Have any of you guys shot reloads in Glocks? I have heard not to do it and I have also heard that its fine as long as you dont load lead bullets. Any opinions?


----------



## Texas T (May 21, 2004)

There is much debate about the subject. I know several that shoot reloads in Glocks and they have never experienced any problems. Are they just lucky or do they pay attention to detail. That is the big question. They do not shoot lead bullets which helps prevent barrel leading. They also don't try to make extremely hot loads either, but equal to factory loads. One of the problems is Glock do not fully support the cartridge case. The reason is to allow various rounds to consistantly load into the chamber.

Some Glocks have had serious problems even when factory loads were used, so what would that suggest?

If you Google "shooting reloads in Glocks" you will have all kinds of hits on the subject, such as the following. Remember Glock like most manufacturers do not recommend shooting reloads through their firearms.

Here is a link discussing the topic. http://www.thegunzone.com/glock/glock-kb-faq.html


----------



## Viking48 (Jan 24, 2006)

I'm far from an expert on Glocks but I think the 40 S&W is the only one that is a problem due to the unsupported chamber. If you look at the chamber you will see a recess at the bottom at the feed ramp. This was apparently done to facilitate loading and reduce jams but it can allow the brass to "bulge" in that area. When you resize the case it weakens it and if, after repeated reloading, that spot comes back in line with the unsupported part it can blow out. Reloading brass from something other than a Glock should be OK but if you reload 40 ammo from a Glock you are taking a chance - may never be a problem but can make a mess if it happens.


----------



## BEER4BAIT (Jun 24, 2005)

I had a glock 21 and have had thousands of 180 gr SWC lead through it in competition with no problems. The lead issue is a myth.


----------



## B-Money (May 2, 2005)

Lee reloading book says "no" to reloading 40 for Glock.

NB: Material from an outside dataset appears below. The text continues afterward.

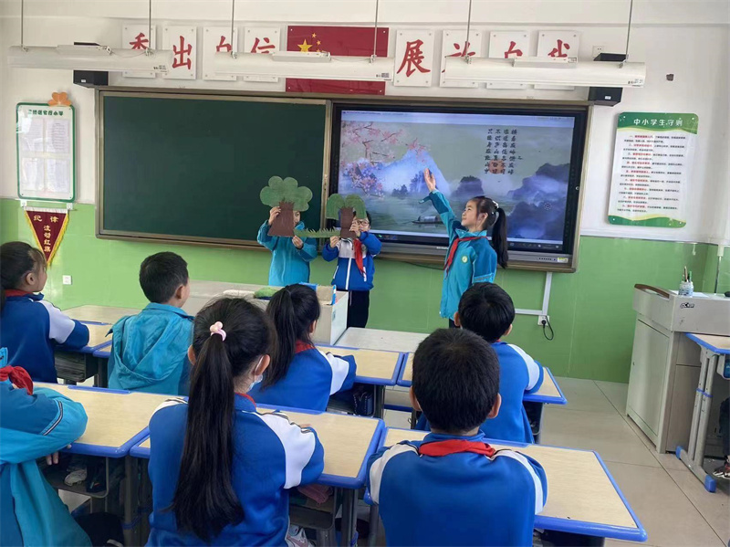 阳光讯(记者 梁永飞 通讯员 董彦军)西安市灞桥区官厅小学语文组的老师安排各班开展诗词诵读会,在诵读中理解诗意,体会诗韵,感悟诗境。在学习古诗《雪梅》等古诗时,采取了手势舞记忆古诗的方式,学生们兴趣浓厚,跟着旋律唱跳,朗朗上口,多感官一起参与感受诗的韵律美。

I've never seen any warnings about reloading spent brass from a Glock.

http://www.thegunzone.com/glock/glock-kb-faq.html


----------



## Team Buddhahead (Oct 4, 2006)

Factory Glocks barrels do not have a "SRB"(Supported Ramped Barrel). The problem is with reloads that are reloaded to max loads. You don't know how many times that brass has been reloaded The barrel on the left is a factory barrel. You can see how much more case is exposed. This is where the case seperation happens.


----------



## Texas T (May 21, 2004)

TB those pictures look more like a massive overcharge of powder. The primer has been blown completely out and the barrel, which is proof tested to higher pressures then normally encounter is ripped apart, from an allegedly nominally reloaded cartridge. How many times have people had cases split when fired in pistols and rifles and the weapon was not damaged at all. The barrel should not encounter that kind of major damage from just the case letting go.

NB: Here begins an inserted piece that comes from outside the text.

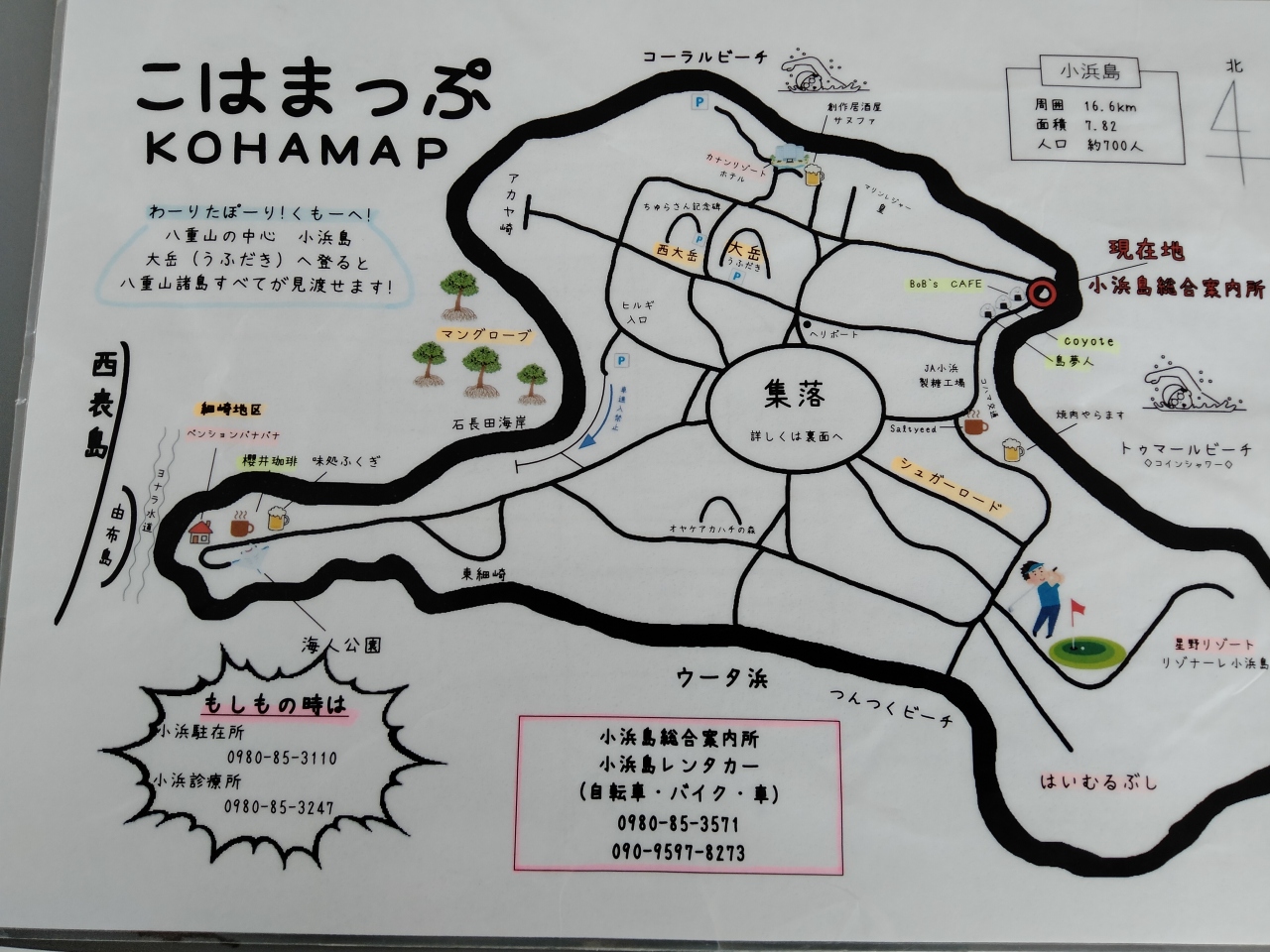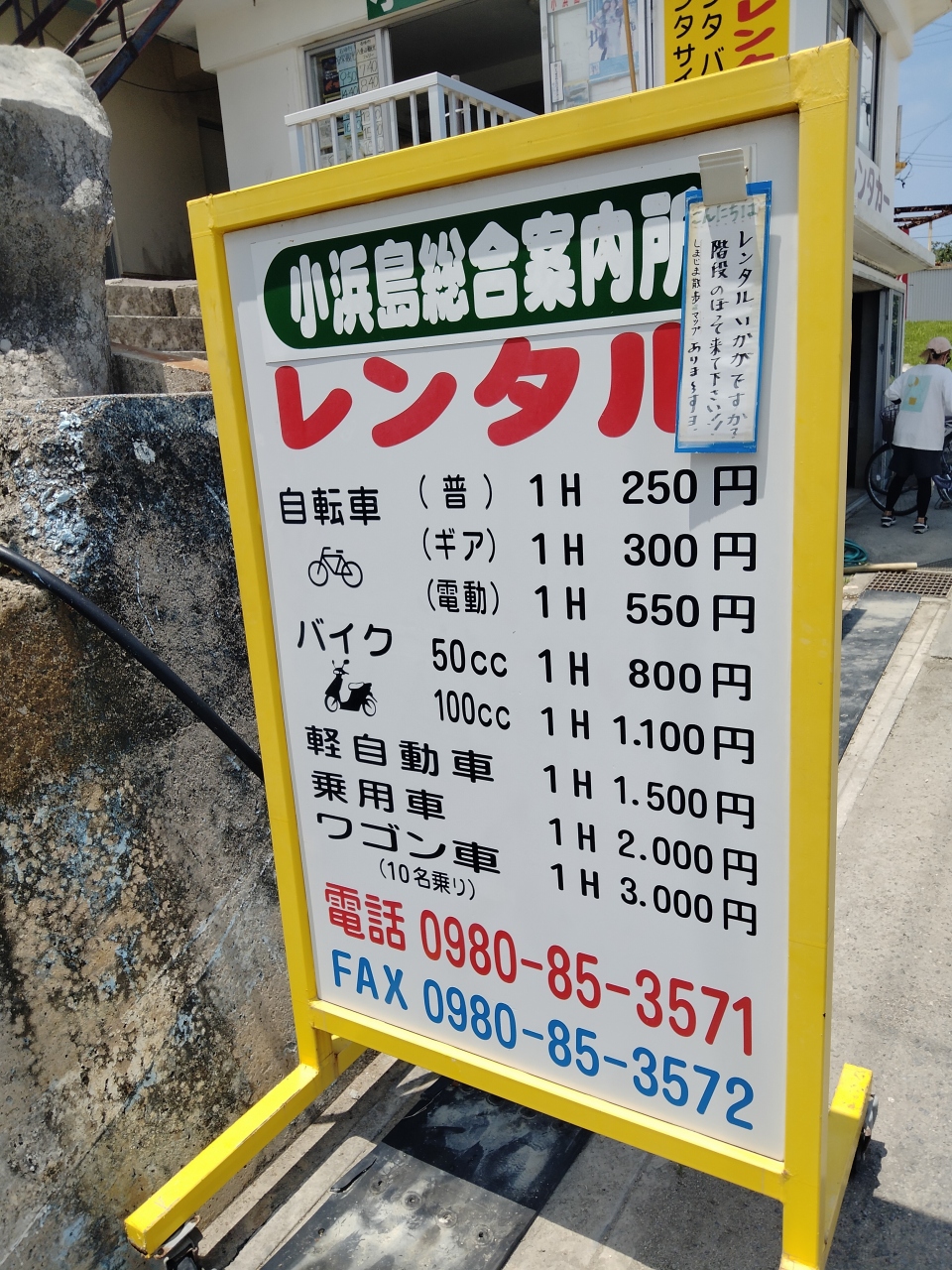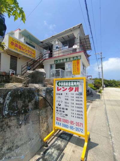 小浜港の前に、3軒並んだレンタルショップ(車、バイク、自転車)の一番奥側にある気さくなおばちゃんのお店でした。

There are other barrels that don't completely support the case and I haven't heard of them having any problems, maybe they do and it's not reported. Wish I could understand why it is only Glocks that have the sensational failures made the news.


----------



## LaAngler (Mar 11, 2008)

reloads are fine in glocks

Glock has added more chamber support to some models including the .40 cals in the mid to late 90's. A lot of the glock problems you hear about is b/c of the large number of glock pistols in service.

Shooting lead bullets is fine, just buy a lone wolf barrel.

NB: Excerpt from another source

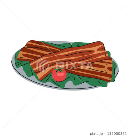 Bacon meat or American, English food on plate. Vector crispy fired pork slice served for breakfast or brunch meal. Side dish icon for salty cuisine. Snack or garnish. Grilled meal strips. Culinary.

_The manufacturer __Glock__ advises against using lead bullets (meaning bullets not covered by a copper jacket) in their polygonally rifled barrels, which has led to a widespread belief that polygonal rifling is not compatible with lead bullets. Firearms expert and barrel maker, the late Gale McMillan, has also commented that lead bullets and polygonal rifling are not a good mix. Some have made a point of the fact that neither H&K nor Kahr explicitly recommend against lead bullets in their polygonal rifled barrels, and feel that it is probable that there is an additional factor involved in Glock's warning. However, Kahr's FAQ does include a warning that lead bullets can cause additional fouling][1] and recommends special attention to cleaning after using them. In addition, while H&K doesn't warn against the use of lead, at least one well-documented catastrophic incident in an H&K pistol[2] appears to be related to this issue. Furthermore, Dave Spaulding, well-known gun writer, reported in the February/March 2008 issue of Handguns Magazine that when he queried H&K about their polygonally rifled barrels that they commented: "It has been their experience that polygonal rifling will foul with lead at a greater rate than will conventional rifling."_

http://en.wikipedia.org/wiki/Polygonal_rifling


----------



## mark1945 (Jun 1, 2009)

*glock reloads*

I have a Glock 22 in 40 S&W it has had hundreds of reloads thru it .I put a Lone Wolf barrel on it .It has a much more supported ramp area as you can see from photos Glock on left Lone Wolf on right.Also handles cast bullets just fine.


----------



## B-Money (May 2, 2005)

how much was that wolf barrel? Do they make it in 357sig?


----------



## Bretticu$ (May 9, 2006)

Keep your Glock happy. Feed your Glock and feed it often, its hungry, and it isn't a picky eater. 

-Brett


----------



## mark1945 (Jun 1, 2009)

*Lone Wolf barrels*

When I got it they were around 95.00. Just check there web site they have a ton of good parts for Glocks.


----------



## ike491 (May 27, 2007)

I have fired a few over 2000 reloads in my Glock 23. Have never had an issue with the gun or the brass.I use a medium load and have fired the last 500 in coated lead bullets,with out an issue.I do clean my gun extensively . I think too many people try to fire maxed out powder charges.


----------



## B-Money (May 2, 2005)

Probably the best thing to do is use range brass, 9 grains of red dot and a 200 grain jacketed bullet.


----------